Prompt
Once you reach the line with "Andy Cox, chief" below, copy each line exactly, stopping after the line with "This men's ring features 1, black", and skip any pictures.
☆ ☆ ☆ ☆ ☆ ☆ ☆
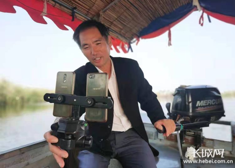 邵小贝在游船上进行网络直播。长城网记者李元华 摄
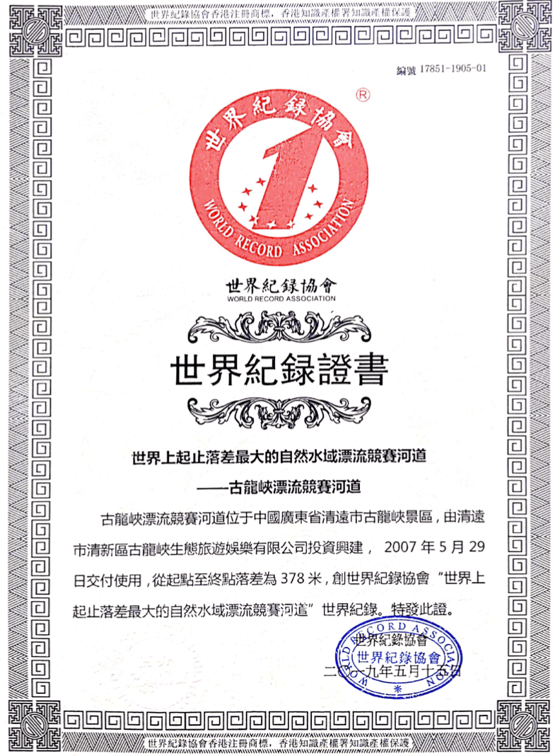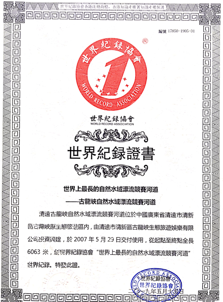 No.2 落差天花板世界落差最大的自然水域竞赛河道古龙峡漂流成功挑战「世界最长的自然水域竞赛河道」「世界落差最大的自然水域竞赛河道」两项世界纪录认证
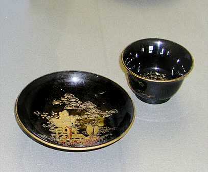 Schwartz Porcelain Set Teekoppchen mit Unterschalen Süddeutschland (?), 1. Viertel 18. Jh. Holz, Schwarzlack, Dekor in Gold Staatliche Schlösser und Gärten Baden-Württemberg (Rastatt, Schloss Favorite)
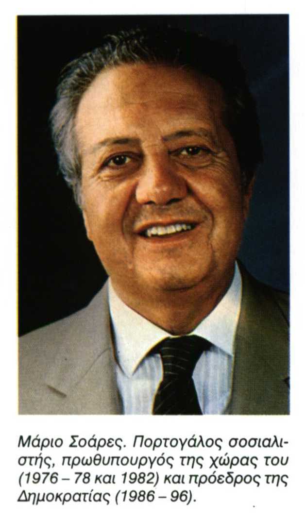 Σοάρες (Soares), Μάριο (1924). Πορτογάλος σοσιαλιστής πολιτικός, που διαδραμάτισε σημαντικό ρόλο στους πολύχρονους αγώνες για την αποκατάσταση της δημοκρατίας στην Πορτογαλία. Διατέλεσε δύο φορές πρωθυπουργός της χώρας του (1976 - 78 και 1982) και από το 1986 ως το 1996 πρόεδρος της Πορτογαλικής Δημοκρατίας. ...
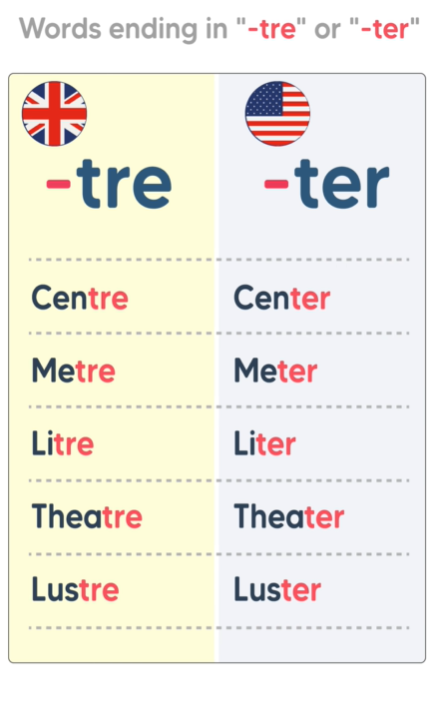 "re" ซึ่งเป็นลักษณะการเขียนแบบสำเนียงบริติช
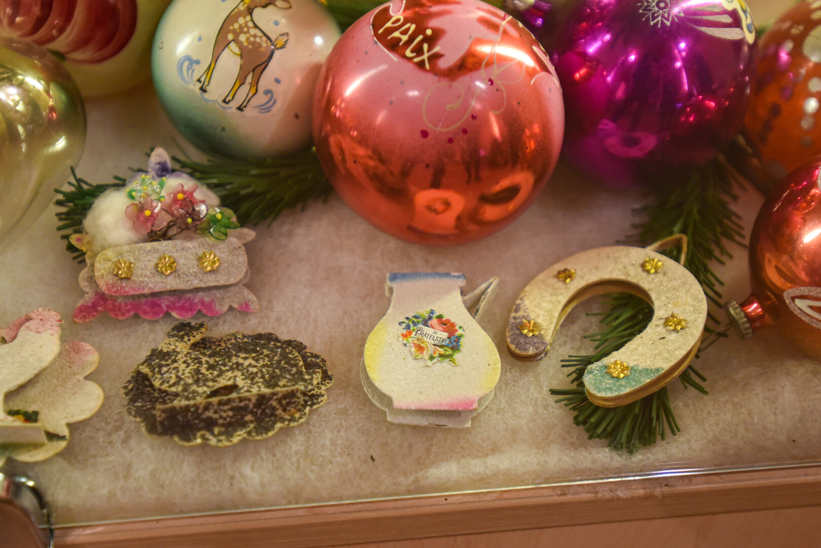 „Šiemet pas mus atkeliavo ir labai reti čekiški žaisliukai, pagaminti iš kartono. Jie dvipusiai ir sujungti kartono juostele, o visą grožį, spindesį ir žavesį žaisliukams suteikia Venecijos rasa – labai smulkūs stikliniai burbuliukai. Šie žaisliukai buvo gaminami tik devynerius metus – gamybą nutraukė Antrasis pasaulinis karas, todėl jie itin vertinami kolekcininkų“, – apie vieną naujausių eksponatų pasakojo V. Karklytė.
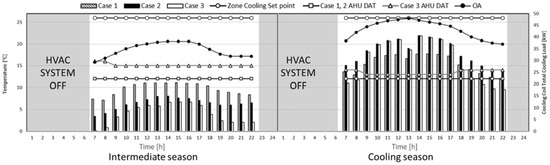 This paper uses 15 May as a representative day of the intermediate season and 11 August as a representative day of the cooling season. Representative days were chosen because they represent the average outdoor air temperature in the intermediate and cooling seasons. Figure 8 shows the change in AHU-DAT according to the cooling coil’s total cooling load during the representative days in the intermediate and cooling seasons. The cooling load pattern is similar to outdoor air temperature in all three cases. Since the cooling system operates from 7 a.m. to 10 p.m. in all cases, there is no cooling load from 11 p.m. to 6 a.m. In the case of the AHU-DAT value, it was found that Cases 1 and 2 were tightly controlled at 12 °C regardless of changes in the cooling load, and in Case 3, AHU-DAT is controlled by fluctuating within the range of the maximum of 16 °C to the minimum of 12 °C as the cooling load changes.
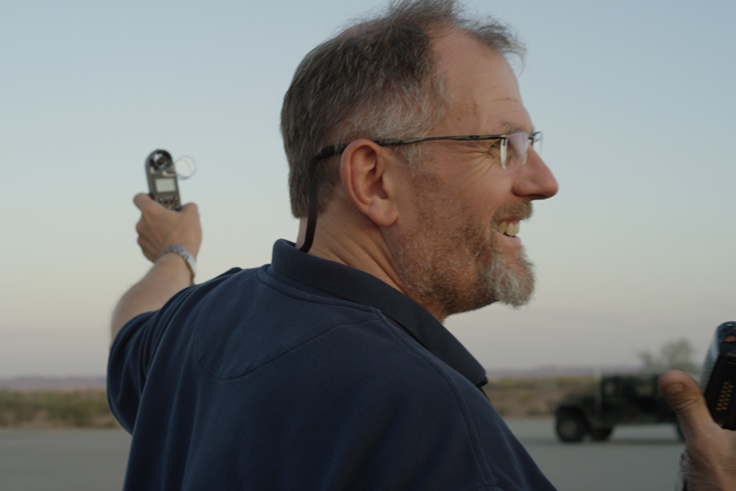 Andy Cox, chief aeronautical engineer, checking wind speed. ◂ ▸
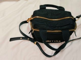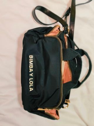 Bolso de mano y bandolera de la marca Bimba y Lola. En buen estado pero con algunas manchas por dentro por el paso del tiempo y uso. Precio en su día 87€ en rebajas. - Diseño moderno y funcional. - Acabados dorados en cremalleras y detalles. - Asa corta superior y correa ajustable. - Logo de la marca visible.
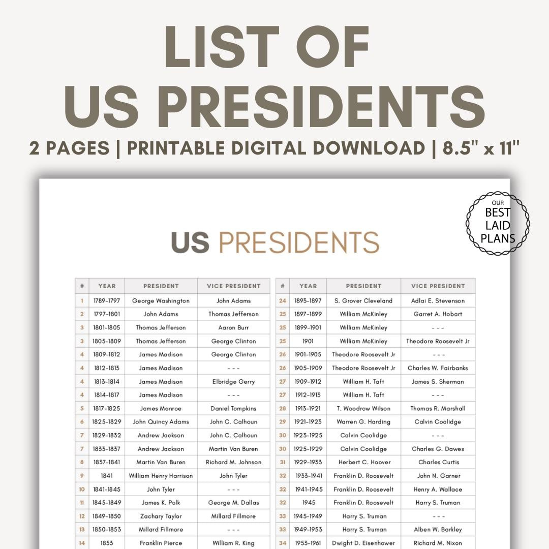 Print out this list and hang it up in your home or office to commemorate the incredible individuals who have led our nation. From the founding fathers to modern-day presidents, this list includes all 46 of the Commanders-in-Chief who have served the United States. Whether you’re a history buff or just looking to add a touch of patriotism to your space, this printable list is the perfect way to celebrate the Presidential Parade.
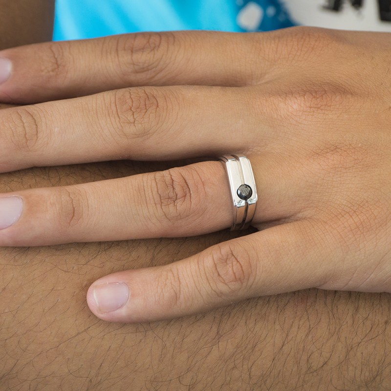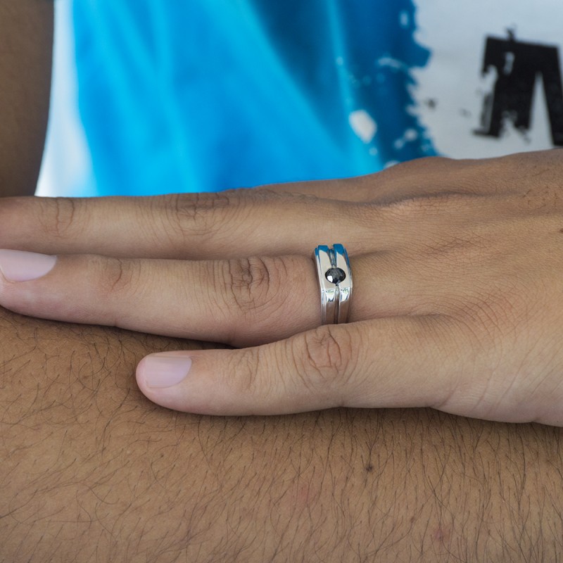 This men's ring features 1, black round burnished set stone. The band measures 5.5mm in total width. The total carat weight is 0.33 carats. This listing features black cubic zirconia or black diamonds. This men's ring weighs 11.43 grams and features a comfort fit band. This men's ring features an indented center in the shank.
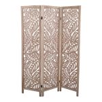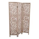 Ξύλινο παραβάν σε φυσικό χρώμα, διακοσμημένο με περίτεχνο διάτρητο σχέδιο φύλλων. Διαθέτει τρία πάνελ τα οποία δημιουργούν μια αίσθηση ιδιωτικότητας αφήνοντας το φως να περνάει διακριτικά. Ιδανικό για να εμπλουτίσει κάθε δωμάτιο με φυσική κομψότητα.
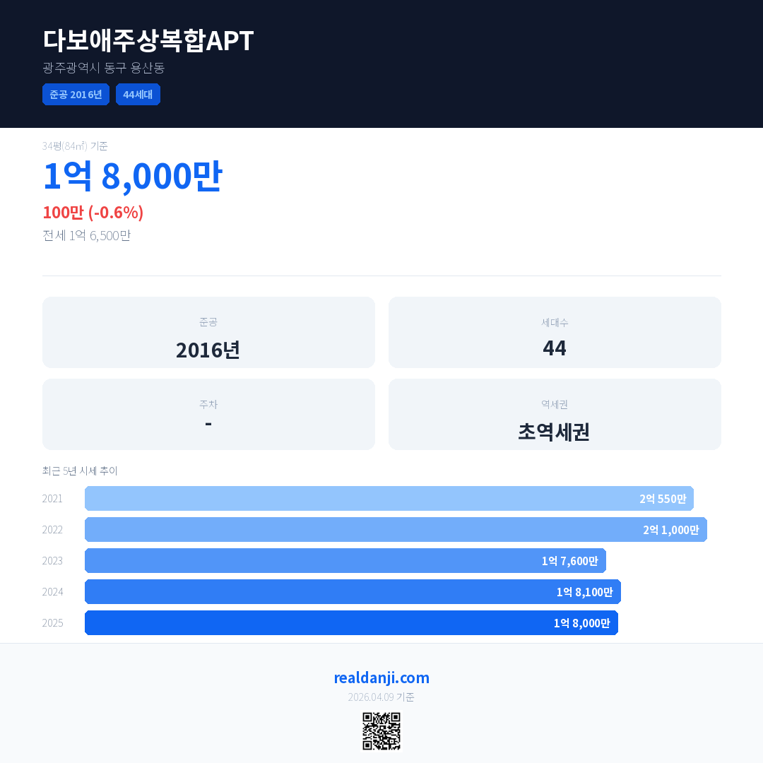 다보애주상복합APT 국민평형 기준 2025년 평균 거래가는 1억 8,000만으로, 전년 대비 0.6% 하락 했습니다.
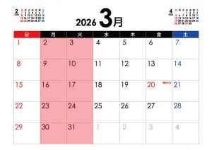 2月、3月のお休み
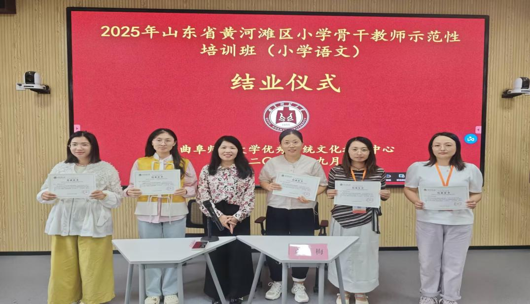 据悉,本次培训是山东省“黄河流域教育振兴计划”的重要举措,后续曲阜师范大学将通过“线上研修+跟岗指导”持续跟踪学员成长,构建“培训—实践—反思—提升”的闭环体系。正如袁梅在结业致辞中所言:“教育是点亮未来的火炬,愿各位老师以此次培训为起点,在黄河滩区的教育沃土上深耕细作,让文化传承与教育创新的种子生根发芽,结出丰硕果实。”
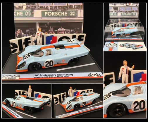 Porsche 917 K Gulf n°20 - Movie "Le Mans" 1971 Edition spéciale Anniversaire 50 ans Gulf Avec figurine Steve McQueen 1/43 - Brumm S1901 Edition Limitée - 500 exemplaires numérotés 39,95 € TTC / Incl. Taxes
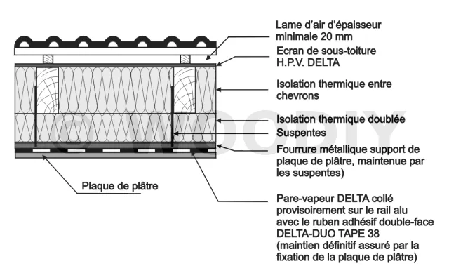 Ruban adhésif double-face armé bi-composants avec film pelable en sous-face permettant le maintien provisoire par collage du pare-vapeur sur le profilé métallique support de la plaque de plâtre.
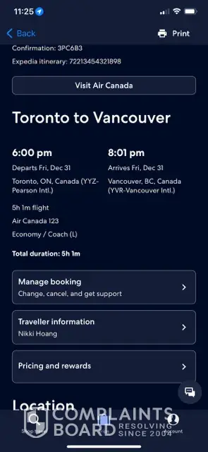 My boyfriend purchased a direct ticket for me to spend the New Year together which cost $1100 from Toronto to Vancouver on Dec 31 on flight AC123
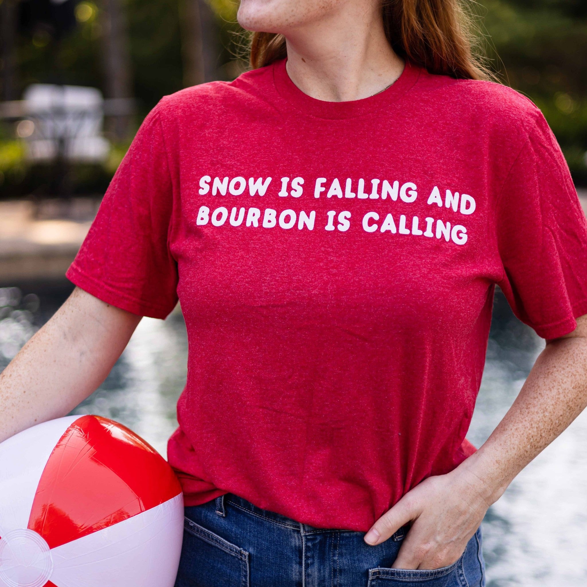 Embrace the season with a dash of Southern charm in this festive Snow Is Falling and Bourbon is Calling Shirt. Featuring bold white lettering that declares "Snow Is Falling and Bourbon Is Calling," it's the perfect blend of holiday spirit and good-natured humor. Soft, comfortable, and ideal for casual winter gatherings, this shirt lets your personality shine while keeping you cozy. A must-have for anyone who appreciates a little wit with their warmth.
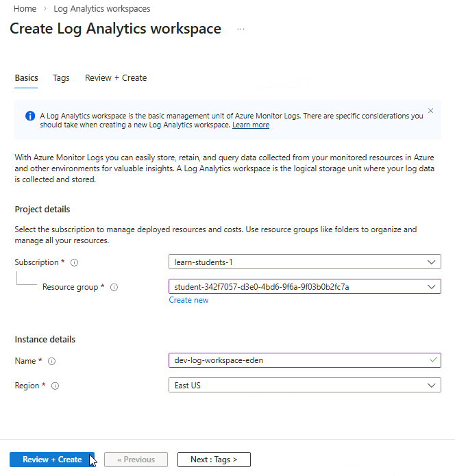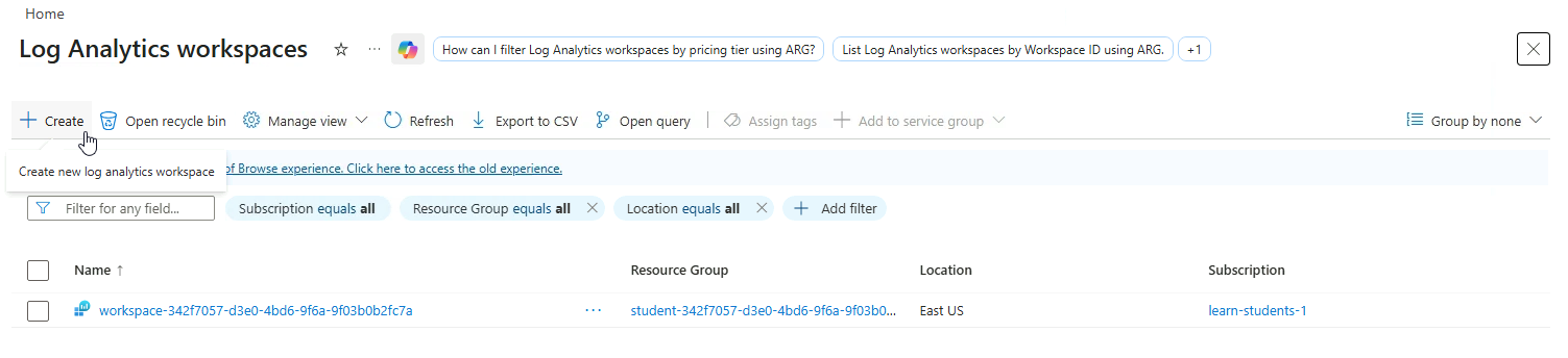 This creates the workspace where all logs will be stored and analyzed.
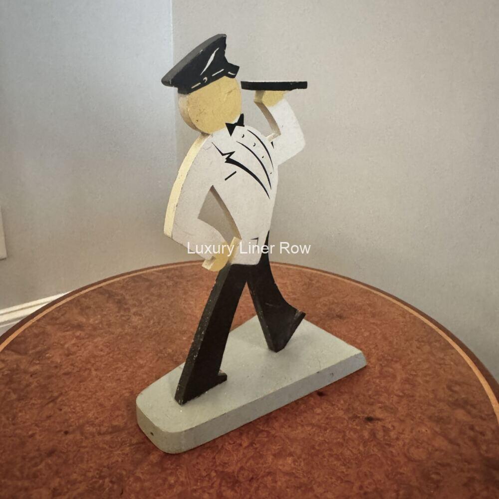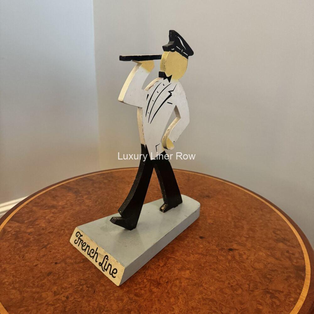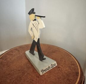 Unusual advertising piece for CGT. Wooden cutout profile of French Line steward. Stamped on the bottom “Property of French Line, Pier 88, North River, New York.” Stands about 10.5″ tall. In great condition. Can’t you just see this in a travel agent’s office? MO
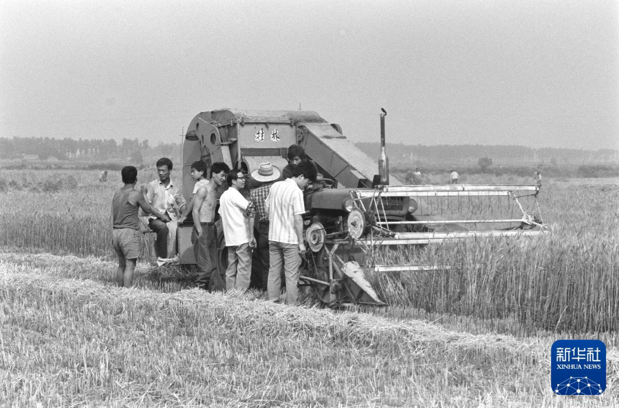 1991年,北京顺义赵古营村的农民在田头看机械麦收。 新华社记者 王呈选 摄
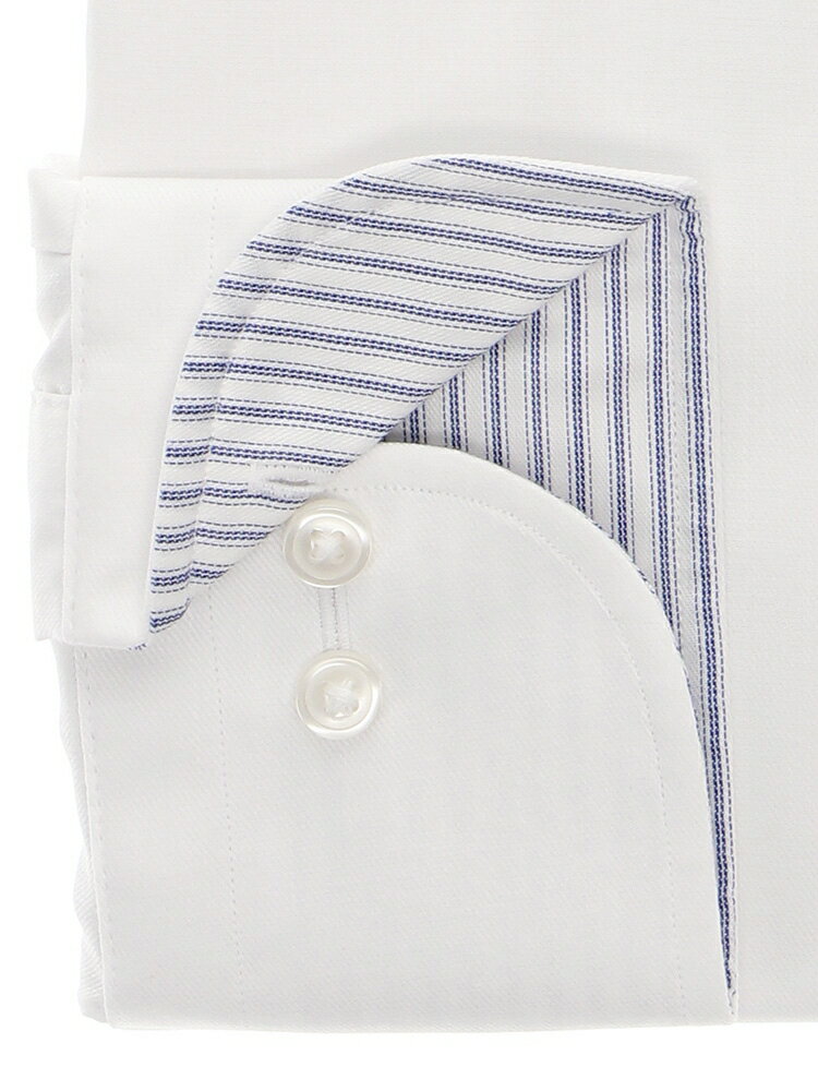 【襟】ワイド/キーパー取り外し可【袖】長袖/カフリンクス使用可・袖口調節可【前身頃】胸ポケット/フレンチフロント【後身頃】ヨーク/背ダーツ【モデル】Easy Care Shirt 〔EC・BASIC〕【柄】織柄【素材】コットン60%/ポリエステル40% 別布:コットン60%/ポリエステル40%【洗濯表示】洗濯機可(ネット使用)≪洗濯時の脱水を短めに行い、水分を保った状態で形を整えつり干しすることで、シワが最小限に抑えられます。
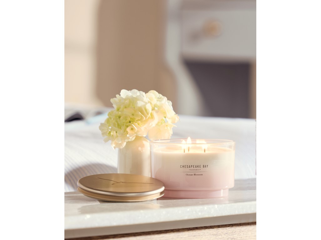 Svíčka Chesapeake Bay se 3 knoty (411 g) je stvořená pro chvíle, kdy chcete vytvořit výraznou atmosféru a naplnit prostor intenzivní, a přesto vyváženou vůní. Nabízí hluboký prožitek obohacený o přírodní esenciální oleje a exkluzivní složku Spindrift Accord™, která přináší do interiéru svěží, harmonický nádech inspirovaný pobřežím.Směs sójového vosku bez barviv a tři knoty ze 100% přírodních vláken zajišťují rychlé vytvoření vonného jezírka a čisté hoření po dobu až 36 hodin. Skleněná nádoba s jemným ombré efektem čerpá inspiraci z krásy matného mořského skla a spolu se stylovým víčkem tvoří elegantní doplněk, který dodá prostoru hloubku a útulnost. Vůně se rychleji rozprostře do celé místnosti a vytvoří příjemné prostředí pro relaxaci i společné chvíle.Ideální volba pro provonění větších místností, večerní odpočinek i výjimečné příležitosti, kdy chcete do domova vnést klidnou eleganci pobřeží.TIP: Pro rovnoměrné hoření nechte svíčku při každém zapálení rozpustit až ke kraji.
☆ ☆ ☆ ☆ ☆ ☆ ☆
The completed task
 Andy Cox, chief aeronautical engineer, checking wind speed. ◂ ▸
 Bolso de mano y bandolera de la marca Bimba y Lola. En buen estado pero con algunas manchas por dentro por el paso del tiempo y uso. Precio en su día 87€ en rebajas. - Diseño moderno y funcional. - Acabados dorados en cremalleras y detalles. - Asa corta superior y correa ajustable. - Logo de la marca visible.
 Print out this list and hang it up in your home or office to commemorate the incredible individuals who have led our nation. From the founding fathers to modern-day presidents, this list includes all 46 of the Commanders-in-Chief who have served the United States. Whether you’re a history buff or just looking to add a touch of patriotism to your space, this printable list is the perfect way to celebrate the Presidential Parade.
 This men's ring features 1, black round burnished set stone. The band measures 5.5mm in total width. The total carat weight is 0.33 carats. This listing features black cubic zirconia or black diamonds. This men's ring weighs 11.43 grams and features a comfort fit band. This men's ring features an indented center in the shank.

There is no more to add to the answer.